Member of the Georgia House of Representatives from the 81st district
- In office January 10, 2011 – January 14, 2013
- Preceded by: Jill Chambers
- Succeeded by: Scott Holcomb

Personal details
- Born: Elena Catherine Parent December 27, 1975 (age 50) Washington, D.C., U.S.
- Party: Democratic
- Spouse: Briley Brisendine
- Children: 2
- Alma mater: University of Virginia (BA, JD)
- Occupation: Attorney

= Elena Parent =

American politician (born 1975)

Elena Catherine Parent (born December 27, 1975) is an American politician and attorney. A member of the Democratic Party, she serves in the Georgia State Senate and previously served in the Georgia House of Representatives.

==Personal life==
Parent was born in Washington, D.C. She received both her bachelor's degree and Juris Doctor from the University of Virginia. She has two children with her husband, Briley. She was an associate attorney with Sutherland Asbill & Brennan LLP from 2002 to 2008.

==Political career==
In 2010, Parent was elected to serve in the Georgia House of Representatives, representing District 81 from 2011 to 2013. She did not run for reelection in 2013 after her seat was combined with the district of Scott Holcomb after the state's redistricting process.
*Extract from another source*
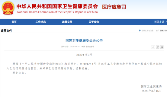 国家卫生健康委员会公告 发布时间: 2026-03-25 来源: 医疗应急司 2026年第3号 根据《中华人民共和国传染病防治法》相关规定,

When Jason Carter decided to run for governor in 2014, Parent ran for the open seat in District 42, which includes portions of central and north DeKalb County. She defeated attorney Kyle Williams in the Democratic primary. She won reelection on November 3, 2020, for a fourth term in the Georgia Senate beginning in 2021. Following redistricting in 2024, she won election as representative of District 44. She did not seek reelection in 2026.

In 2025, she crossed party lines to vote in favor of a bill banning gender affirming care for state prisoners.